Duc Vu

🫶 Hi! I'm Duc. Nice to meet yall! 🫶 I am an AI research resident at Qualcomm Research in Vietnam, where I am fortunate to be supervised by Dr. Anh Tran. Prior to this, I received my Bachelor of Science in Data Science & Statistics and Bachelor of Arts in Economics from Miami University - Oxford in the U.S (2024).

I am seeking a PhD in Computer Science for Fall 2026 and excited to pursue impactful research. 🚀📚

Email  /  CV  /  Scholar  /  Github

profile photo

Research

My research focuses on advancing generative AI by leveraging efficient one-step generation for real-world applications such as video enhancement and image inpainting. I am particularly interested in diffusion-based methods that achieve high-quality results with minimal computational cost, making generative models more practical and accessible. In addition to efficiency, I am also working on adversarial defenses to ensure the responsible and safe deployment of generative video models.

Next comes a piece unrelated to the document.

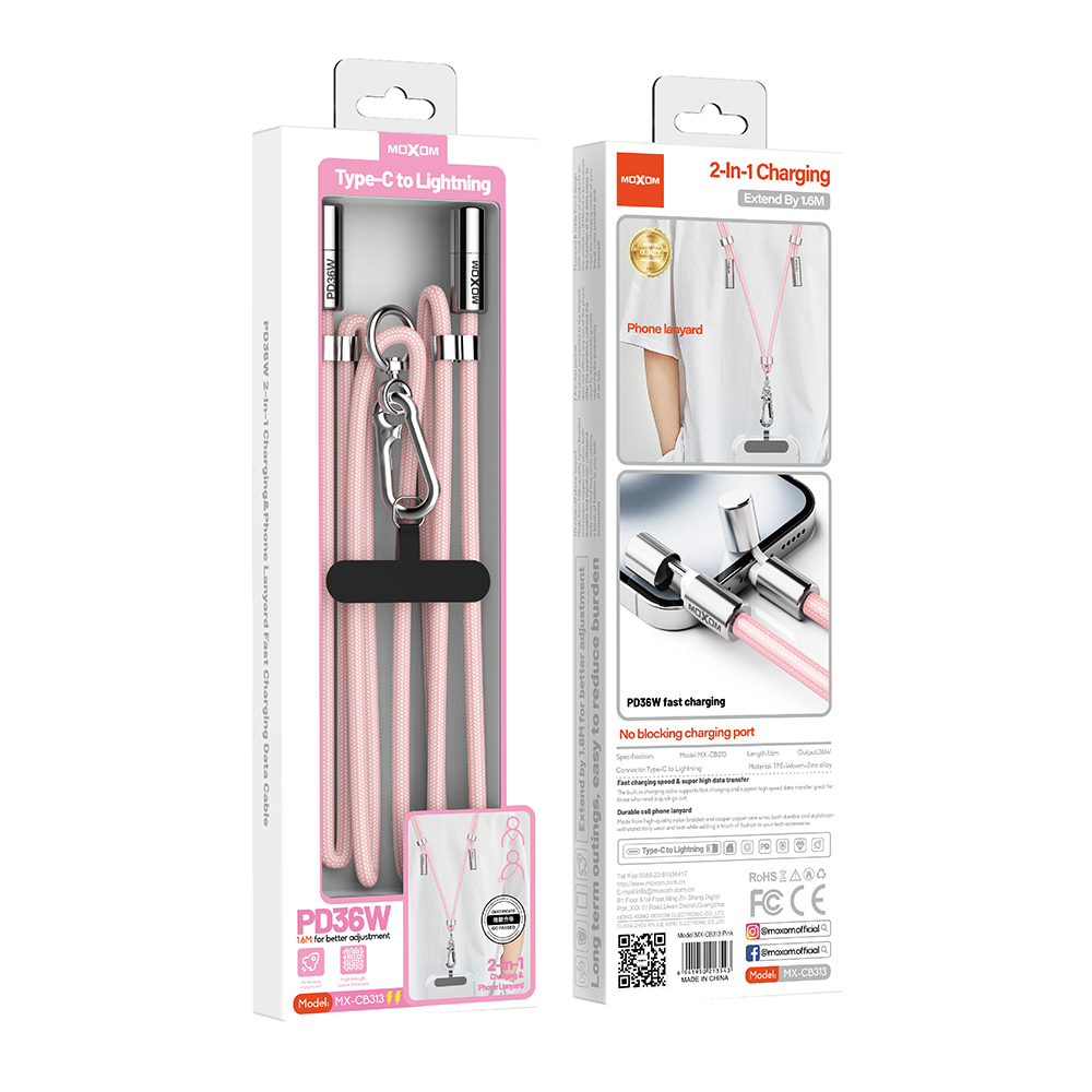 USB data kabl Moxom MX-CB313 Type-C to Lightning strap pink (MS)
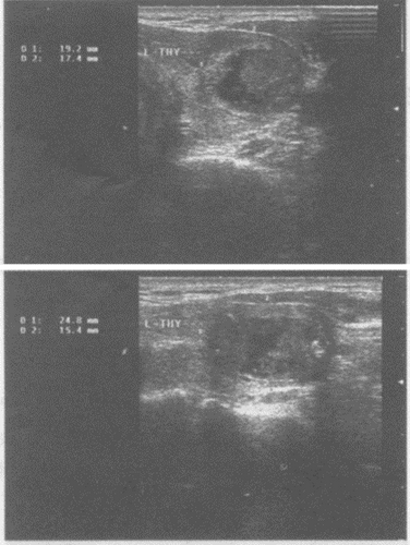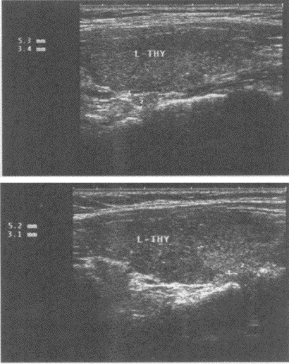 临床资料:男,49岁,常规体检。超声综合描述:甲状腺左叶上、下极后方可见大小均为0.5cm×0.3cm中等回声,边界清晰,形态规则,内回声均匀。

I aim to expand my research toward multimodal and video generation, with a focus on improving fine-grained temporal consistency and efficiency, while incorporating physically aware conditioning into these models.

Selected Preprints

* denotes equal contribution

Anti-I2V: Safeguarding your photos from malicious image-to-video generation.
Duc Vu, Anh Nguyen, Chi Tran, Anh Tran,
Under Review, 2025  

A memory‑efficient adversarial attack against diverse image‑to‑video diffusion models, enabled by robust dual‑space perturbation optimization.

InverFill: One-Step Inversion for Enhanced Few-Step Diffusion Inpainting.
Duc Vu*, Kien Nguyen*, Trong-Tung Nguyen, Ngan Nguyen, Phong Nguyen, Khoi Nguyen, Cuong Pham, Anh Tran,
Under Review, 2025  

A highly efficient one-step inversion diffusion network for high-quality few-step image inpainting.

VideoDrift: Plug-and-Play Video Refinement for Diffusion Models via KV-Anchored Attention.
Ngan Nguyen, Duc Vu, Trong-Tung Nguyen, Phuc Hong Lai, Cuong Pham, Anh Tran,
Under Review, 2025  

A plug-and-play, backbone-agnostic video enhancer with low compute: each frame requires only inversion plus one generator pass, making it easy to deploy on outputs from diverse T2V systems.

Selected Publications

* denotes equal contribution

Improved Training Technique for Shortcut Models.
Anh Nguyen*, Viet Nguyen*, Duc Vu, Trung Dao, Chi Tran, Toan Tran, Anh Tran,
NeurIPS, 2025  
ArXiv

iSM resolves five major shortcut-model flaws with dynamic guidance, wavelet loss, sOT, and Twin EMA, yielding markedly better image generation.

SwiftBrush v2: Make Your One-step Diffusion Model Better Than Its Teacher.
Trung Dao, Thuan Hoang Nguyen*, Thanh Le*, Duc Vu*, Khoi Nguyen, Cuong Pham, Anh Tran,
ECCV, 2024  
Project page / ArXiv

An improved SwiftBrush version that makes the one-step diffusion student beats its multi-step teacher.

EFHQ: Multi-purpose ExtremePose-Face-HQ dataset.
Trung Dao*, Duc Vu*, Cuong Pham, Anh Tran,
CVPR, 2024  
Project page / ArXiv

A high-quality dataset centered on extreme pose faces, supporting face synthesis, reenactment, recognition benchmarking, and more.